BALZARINI MONICA GRACIELA
Congresos y reuniones científicas
Título:
On the performance of procedures to determine genetic population structure
Autor/es:
PEÑA MALAVERA, A.; FERNANDEZ, E.; BRUNO, C.; BALZARINI, M.
Lugar:
Kobe
Reunión:
Conferencia; XXVIth International Biometric Conference; 2012
Institución organizadora:
Biometric Society of Japan y Japanese Region of the International Biometric Society.
Resumen:
Variability analysis to determine population genetic structure (PGS) in germplasm collections is a crucial step in the formation of core collections for the conservation and use of genetics resources, as well as for association studies. From the algorithmic point of view, statistical and bioinformatics methods can be used to infer genetic structure. In this work, we used simulated and real data to compare 6 alternative procedures to estimate genetic structure. In different scenarios, characterized by levels of genetic divergence (Fst) and numbers of populations (3 and 5) were compared hierarchical clustering (UPGMA and Ward), Ward method using significant principal components according to the Tracy-Widom statistic (PCA+Ward), K-means clustering, the relative position self organizing maps (RP-Q-SOM) and a Bayesian method. The methods were comparing using the proportion clustering error (PCE). The results showed that the RP-Q-SOM algorithm, the Bayesian method implemented in the software STRUCTURE and the non hierarchical K-means clustering method are the procedures that perform best (PCE<0.52) when the level of divergence is low (Fst<0.10). The other algorithms performed poorly (PCE>0.55). The classification error increases with the number of populations, even with similar differentiation levels.
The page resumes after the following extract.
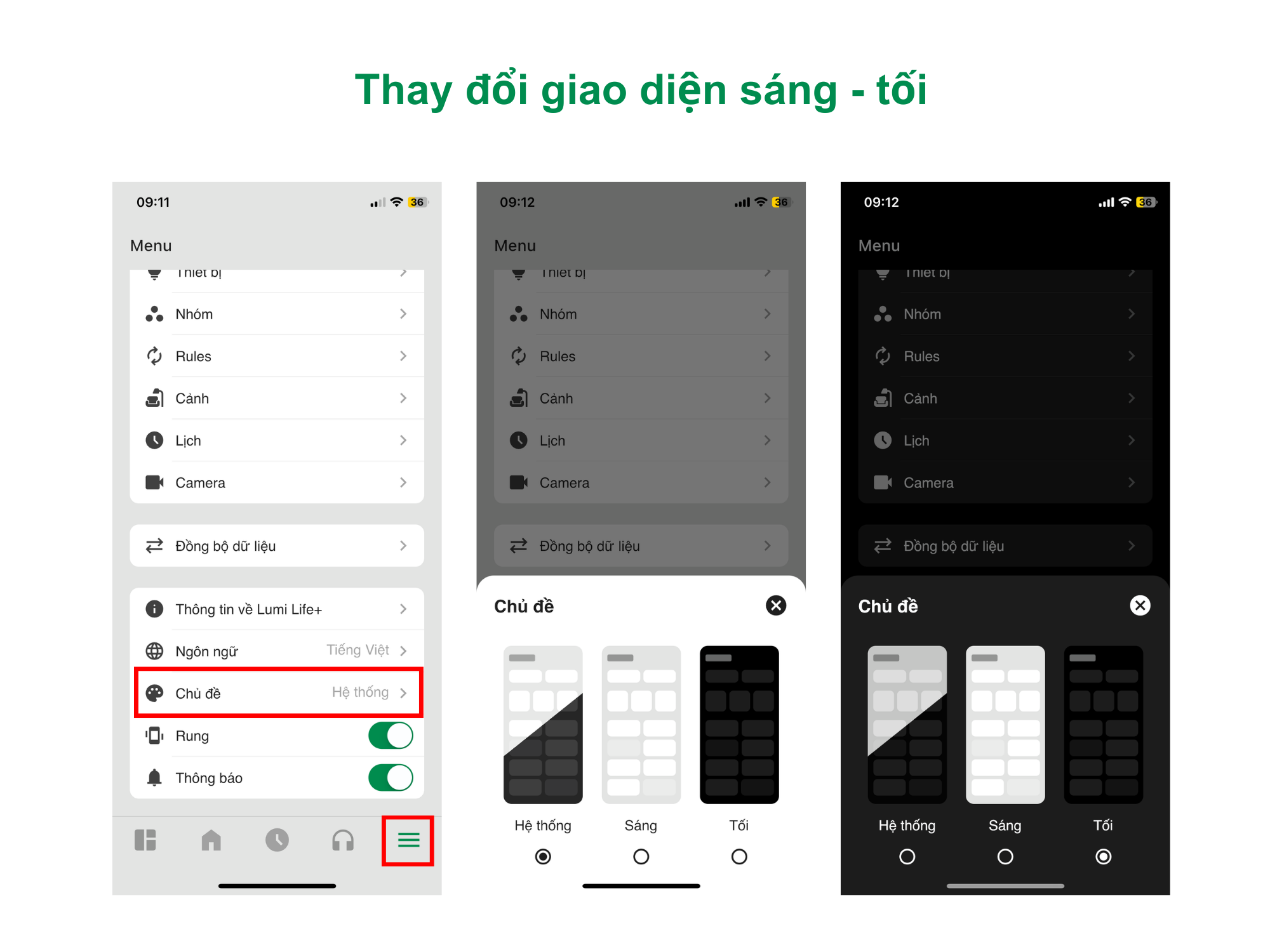 Hướng dẫn thay đổi chủ đề trên app Lumi Life+:

Though the Bayesian algorithm is one of the mostly used methods to infer genetic structure, our results suggest that the method RP-Q-SOM performs better (PCE=0.30) in low differentiation scenarios. The non hierarchical clustering method is also competitive (PCE=0.51%). In the PCA+Ward method when Fst increases the number of significant components decreases. Additionally we processed a maize molecular marker public data set involving 627 lines. These lines were previously clustered into eight groups by using STRUCTURE and 511 SNPs. RP-Q-SOM found three genetic groups vs eight groups found by structure.